• Problem requirements: Return every line of the data below word for word, including the punctuation.
•••••
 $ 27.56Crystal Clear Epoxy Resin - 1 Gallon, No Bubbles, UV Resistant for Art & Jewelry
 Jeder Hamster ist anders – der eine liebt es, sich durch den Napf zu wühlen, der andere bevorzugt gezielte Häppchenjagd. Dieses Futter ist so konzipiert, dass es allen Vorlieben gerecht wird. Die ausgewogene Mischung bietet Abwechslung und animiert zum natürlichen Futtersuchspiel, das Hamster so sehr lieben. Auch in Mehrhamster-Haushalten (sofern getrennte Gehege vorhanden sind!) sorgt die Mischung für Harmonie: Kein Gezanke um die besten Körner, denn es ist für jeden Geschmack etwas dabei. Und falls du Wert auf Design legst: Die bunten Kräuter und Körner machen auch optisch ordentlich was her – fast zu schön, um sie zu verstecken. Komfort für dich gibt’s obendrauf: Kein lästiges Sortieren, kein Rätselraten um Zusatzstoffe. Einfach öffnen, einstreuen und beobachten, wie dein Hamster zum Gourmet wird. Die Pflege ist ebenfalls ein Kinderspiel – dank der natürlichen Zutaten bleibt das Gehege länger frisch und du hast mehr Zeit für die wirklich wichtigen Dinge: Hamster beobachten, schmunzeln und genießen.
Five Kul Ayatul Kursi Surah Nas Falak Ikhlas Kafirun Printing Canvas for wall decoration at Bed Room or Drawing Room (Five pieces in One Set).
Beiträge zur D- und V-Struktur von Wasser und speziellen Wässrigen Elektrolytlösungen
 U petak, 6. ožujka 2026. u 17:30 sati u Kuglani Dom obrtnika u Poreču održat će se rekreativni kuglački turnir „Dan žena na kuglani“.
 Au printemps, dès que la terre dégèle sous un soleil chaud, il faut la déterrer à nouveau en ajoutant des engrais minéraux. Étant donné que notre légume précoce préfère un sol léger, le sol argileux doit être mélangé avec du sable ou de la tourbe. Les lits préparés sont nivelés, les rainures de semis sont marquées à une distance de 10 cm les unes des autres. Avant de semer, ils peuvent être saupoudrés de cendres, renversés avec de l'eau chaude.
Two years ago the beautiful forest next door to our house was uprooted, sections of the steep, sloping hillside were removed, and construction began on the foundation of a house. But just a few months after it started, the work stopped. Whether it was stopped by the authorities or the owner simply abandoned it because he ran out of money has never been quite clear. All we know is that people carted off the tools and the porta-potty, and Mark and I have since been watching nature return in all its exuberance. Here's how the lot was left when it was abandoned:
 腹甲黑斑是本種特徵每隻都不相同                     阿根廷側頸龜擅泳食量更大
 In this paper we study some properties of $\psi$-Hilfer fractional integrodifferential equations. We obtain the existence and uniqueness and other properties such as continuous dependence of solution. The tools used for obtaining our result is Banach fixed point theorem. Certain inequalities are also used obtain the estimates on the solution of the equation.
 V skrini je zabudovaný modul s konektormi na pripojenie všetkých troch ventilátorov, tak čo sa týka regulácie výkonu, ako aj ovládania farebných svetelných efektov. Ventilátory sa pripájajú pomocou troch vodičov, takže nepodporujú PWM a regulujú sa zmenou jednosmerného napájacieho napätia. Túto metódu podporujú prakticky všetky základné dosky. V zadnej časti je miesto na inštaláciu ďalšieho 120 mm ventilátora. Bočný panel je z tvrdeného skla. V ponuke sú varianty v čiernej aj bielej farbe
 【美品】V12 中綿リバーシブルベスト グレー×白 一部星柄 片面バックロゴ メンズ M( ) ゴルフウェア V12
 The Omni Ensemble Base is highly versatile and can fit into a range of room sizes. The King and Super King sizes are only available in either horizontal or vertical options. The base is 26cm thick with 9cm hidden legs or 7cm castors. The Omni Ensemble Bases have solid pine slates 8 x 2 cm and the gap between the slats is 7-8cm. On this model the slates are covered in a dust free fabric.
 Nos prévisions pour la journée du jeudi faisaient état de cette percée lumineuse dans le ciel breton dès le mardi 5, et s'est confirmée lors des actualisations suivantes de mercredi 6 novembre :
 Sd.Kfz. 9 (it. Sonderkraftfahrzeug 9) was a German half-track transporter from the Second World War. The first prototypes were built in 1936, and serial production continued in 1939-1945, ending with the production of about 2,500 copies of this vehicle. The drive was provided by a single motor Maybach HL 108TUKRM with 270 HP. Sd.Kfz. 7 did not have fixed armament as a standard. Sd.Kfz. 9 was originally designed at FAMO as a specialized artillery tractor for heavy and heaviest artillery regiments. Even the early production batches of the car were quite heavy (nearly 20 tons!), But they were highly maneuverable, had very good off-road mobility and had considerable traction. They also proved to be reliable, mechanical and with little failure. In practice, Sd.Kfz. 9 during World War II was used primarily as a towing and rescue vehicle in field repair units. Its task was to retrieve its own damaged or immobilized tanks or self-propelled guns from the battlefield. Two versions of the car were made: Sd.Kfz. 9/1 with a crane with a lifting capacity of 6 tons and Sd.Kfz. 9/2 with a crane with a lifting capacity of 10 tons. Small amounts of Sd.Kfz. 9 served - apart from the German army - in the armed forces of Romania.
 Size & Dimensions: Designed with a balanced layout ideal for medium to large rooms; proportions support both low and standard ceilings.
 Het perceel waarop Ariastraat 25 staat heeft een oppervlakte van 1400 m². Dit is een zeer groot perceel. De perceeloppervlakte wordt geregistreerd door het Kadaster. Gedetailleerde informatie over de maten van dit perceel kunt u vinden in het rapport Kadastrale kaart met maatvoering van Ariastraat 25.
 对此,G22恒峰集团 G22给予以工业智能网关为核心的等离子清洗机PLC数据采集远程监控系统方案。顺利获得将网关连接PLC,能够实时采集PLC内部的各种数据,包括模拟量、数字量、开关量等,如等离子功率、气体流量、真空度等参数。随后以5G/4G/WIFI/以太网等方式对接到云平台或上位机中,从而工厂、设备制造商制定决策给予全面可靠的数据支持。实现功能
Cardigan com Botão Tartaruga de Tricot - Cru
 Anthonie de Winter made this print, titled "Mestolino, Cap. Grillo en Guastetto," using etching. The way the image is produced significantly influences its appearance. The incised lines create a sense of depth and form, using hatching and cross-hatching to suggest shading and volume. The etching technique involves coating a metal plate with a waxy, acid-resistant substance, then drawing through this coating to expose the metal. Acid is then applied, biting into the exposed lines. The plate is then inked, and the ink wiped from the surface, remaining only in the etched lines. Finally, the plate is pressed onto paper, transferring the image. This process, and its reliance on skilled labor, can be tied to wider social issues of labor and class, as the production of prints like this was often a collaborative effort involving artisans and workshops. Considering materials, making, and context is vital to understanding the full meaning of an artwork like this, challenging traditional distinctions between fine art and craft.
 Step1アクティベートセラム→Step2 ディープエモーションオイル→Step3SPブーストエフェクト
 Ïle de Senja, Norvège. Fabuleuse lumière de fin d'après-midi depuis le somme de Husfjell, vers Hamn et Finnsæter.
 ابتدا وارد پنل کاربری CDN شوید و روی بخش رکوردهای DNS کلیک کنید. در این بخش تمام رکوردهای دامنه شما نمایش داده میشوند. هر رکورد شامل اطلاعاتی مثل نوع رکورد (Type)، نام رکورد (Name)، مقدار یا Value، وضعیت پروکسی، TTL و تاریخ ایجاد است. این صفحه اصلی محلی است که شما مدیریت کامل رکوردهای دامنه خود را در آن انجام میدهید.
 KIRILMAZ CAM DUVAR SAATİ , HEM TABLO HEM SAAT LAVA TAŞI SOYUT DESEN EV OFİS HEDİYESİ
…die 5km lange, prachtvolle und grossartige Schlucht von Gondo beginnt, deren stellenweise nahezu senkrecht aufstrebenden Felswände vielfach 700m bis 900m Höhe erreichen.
•••••
• Exercise solution:
 $ 27.56Crystal Clear Epoxy Resin - 1 Gallon, No Bubbles, UV Resistant for Art & Jewelry
 Jeder Hamster ist anders – der eine liebt es, sich durch den Napf zu wühlen, der andere bevorzugt gezielte Häppchenjagd. Dieses Futter ist so konzipiert, dass es allen Vorlieben gerecht wird. Die ausgewogene Mischung bietet Abwechslung und animiert zum natürlichen Futtersuchspiel, das Hamster so sehr lieben. Auch in Mehrhamster-Haushalten (sofern getrennte Gehege vorhanden sind!) sorgt die Mischung für Harmonie: Kein Gezanke um die besten Körner, denn es ist für jeden Geschmack etwas dabei. Und falls du Wert auf Design legst: Die bunten Kräuter und Körner machen auch optisch ordentlich was her – fast zu schön, um sie zu verstecken. Komfort für dich gibt’s obendrauf: Kein lästiges Sortieren, kein Rätselraten um Zusatzstoffe. Einfach öffnen, einstreuen und beobachten, wie dein Hamster zum Gourmet wird. Die Pflege ist ebenfalls ein Kinderspiel – dank der natürlichen Zutaten bleibt das Gehege länger frisch und du hast mehr Zeit für die wirklich wichtigen Dinge: Hamster beobachten, schmunzeln und genießen.
Five Kul Ayatul Kursi Surah Nas Falak Ikhlas Kafirun Printing Canvas for wall decoration at Bed Room or Drawing Room (Five pieces in One Set).
Beiträge zur D- und V-Struktur von Wasser und speziellen Wässrigen Elektrolytlösungen
 U petak, 6. ožujka 2026. u 17:30 sati u Kuglani Dom obrtnika u Poreču održat će se rekreativni kuglački turnir „Dan žena na kuglani“.
 Au printemps, dès que la terre dégèle sous un soleil chaud, il faut la déterrer à nouveau en ajoutant des engrais minéraux. Étant donné que notre légume précoce préfère un sol léger, le sol argileux doit être mélangé avec du sable ou de la tourbe. Les lits préparés sont nivelés, les rainures de semis sont marquées à une distance de 10 cm les unes des autres. Avant de semer, ils peuvent être saupoudrés de cendres, renversés avec de l'eau chaude.
Two years ago the beautiful forest next door to our house was uprooted, sections of the steep, sloping hillside were removed, and construction began on the foundation of a house. But just a few months after it started, the work stopped. Whether it was stopped by the authorities or the owner simply abandoned it because he ran out of money has never been quite clear. All we know is that people carted off the tools and the porta-potty, and Mark and I have since been watching nature return in all its exuberance. Here's how the lot was left when it was abandoned:
 腹甲黑斑是本種特徵每隻都不相同                     阿根廷側頸龜擅泳食量更大
 In this paper we study some properties of $\psi$-Hilfer fractional integrodifferential equations. We obtain the existence and uniqueness and other properties such as continuous dependence of solution. The tools used for obtaining our result is Banach fixed point theorem. Certain inequalities are also used obtain the estimates on the solution of the equation.
 V skrini je zabudovaný modul s konektormi na pripojenie všetkých troch ventilátorov, tak čo sa týka regulácie výkonu, ako aj ovládania farebných svetelných efektov. Ventilátory sa pripájajú pomocou troch vodičov, takže nepodporujú PWM a regulujú sa zmenou jednosmerného napájacieho napätia. Túto metódu podporujú prakticky všetky základné dosky. V zadnej časti je miesto na inštaláciu ďalšieho 120 mm ventilátora. Bočný panel je z tvrdeného skla. V ponuke sú varianty v čiernej aj bielej farbe
 【美品】V12 中綿リバーシブルベスト グレー×白 一部星柄 片面バックロゴ メンズ M( ) ゴルフウェア V12
 The Omni Ensemble Base is highly versatile and can fit into a range of room sizes. The King and Super King sizes are only available in either horizontal or vertical options. The base is 26cm thick with 9cm hidden legs or 7cm castors. The Omni Ensemble Bases have solid pine slates 8 x 2 cm and the gap between the slats is 7-8cm. On this model the slates are covered in a dust free fabric.
 Nos prévisions pour la journée du jeudi faisaient état de cette percée lumineuse dans le ciel breton dès le mardi 5, et s'est confirmée lors des actualisations suivantes de mercredi 6 novembre :
 Sd.Kfz. 9 (it. Sonderkraftfahrzeug 9) was a German half-track transporter from the Second World War. The first prototypes were built in 1936, and serial production continued in 1939-1945, ending with the production of about 2,500 copies of this vehicle. The drive was provided by a single motor Maybach HL 108TUKRM with 270 HP. Sd.Kfz. 7 did not have fixed armament as a standard. Sd.Kfz. 9 was originally designed at FAMO as a specialized artillery tractor for heavy and heaviest artillery regiments. Even the early production batches of the car were quite heavy (nearly 20 tons!), But they were highly maneuverable, had very good off-road mobility and had considerable traction. They also proved to be reliable, mechanical and with little failure. In practice, Sd.Kfz. 9 during World War II was used primarily as a towing and rescue vehicle in field repair units. Its task was to retrieve its own damaged or immobilized tanks or self-propelled guns from the battlefield. Two versions of the car were made: Sd.Kfz. 9/1 with a crane with a lifting capacity of 6 tons and Sd.Kfz. 9/2 with a crane with a lifting capacity of 10 tons. Small amounts of Sd.Kfz. 9 served - apart from the German army - in the armed forces of Romania.
 Size & Dimensions: Designed with a balanced layout ideal for medium to large rooms; proportions support both low and standard ceilings.
 Het perceel waarop Ariastraat 25 staat heeft een oppervlakte van 1400 m². Dit is een zeer groot perceel. De perceeloppervlakte wordt geregistreerd door het Kadaster. Gedetailleerde informatie over de maten van dit perceel kunt u vinden in het rapport Kadastrale kaart met maatvoering van Ariastraat 25.
 对此,G22恒峰集团 G22给予以工业智能网关为核心的等离子清洗机PLC数据采集远程监控系统方案。顺利获得将网关连接PLC,能够实时采集PLC内部的各种数据,包括模拟量、数字量、开关量等,如等离子功率、气体流量、真空度等参数。随后以5G/4G/WIFI/以太网等方式对接到云平台或上位机中,从而工厂、设备制造商制定决策给予全面可靠的数据支持。实现功能
Cardigan com Botão Tartaruga de Tricot - Cru
 Anthonie de Winter made this print, titled "Mestolino, Cap. Grillo en Guastetto," using etching. The way the image is produced significantly influences its appearance. The incised lines create a sense of depth and form, using hatching and cross-hatching to suggest shading and volume. The etching technique involves coating a metal plate with a waxy, acid-resistant substance, then drawing through this coating to expose the metal. Acid is then applied, biting into the exposed lines. The plate is then inked, and the ink wiped from the surface, remaining only in the etched lines. Finally, the plate is pressed onto paper, transferring the image. This process, and its reliance on skilled labor, can be tied to wider social issues of labor and class, as the production of prints like this was often a collaborative effort involving artisans and workshops. Considering materials, making, and context is vital to understanding the full meaning of an artwork like this, challenging traditional distinctions between fine art and craft.
 Step1アクティベートセラム→Step2 ディープエモーションオイル→Step3SPブーストエフェクト
 Ïle de Senja, Norvège. Fabuleuse lumière de fin d'après-midi depuis le somme de Husfjell, vers Hamn et Finnsæter.
 ابتدا وارد پنل کاربری CDN شوید و روی بخش رکوردهای DNS کلیک کنید. در این بخش تمام رکوردهای دامنه شما نمایش داده میشوند. هر رکورد شامل اطلاعاتی مثل نوع رکورد (Type)، نام رکورد (Name)، مقدار یا Value، وضعیت پروکسی، TTL و تاریخ ایجاد است. این صفحه اصلی محلی است که شما مدیریت کامل رکوردهای دامنه خود را در آن انجام میدهید.
 KIRILMAZ CAM DUVAR SAATİ , HEM TABLO HEM SAAT LAVA TAŞI SOYUT DESEN EV OFİS HEDİYESİ
…die 5km lange, prachtvolle und grossartige Schlucht von Gondo beginnt, deren stellenweise nahezu senkrecht aufstrebenden Felswände vielfach 700m bis 900m Höhe erreichen.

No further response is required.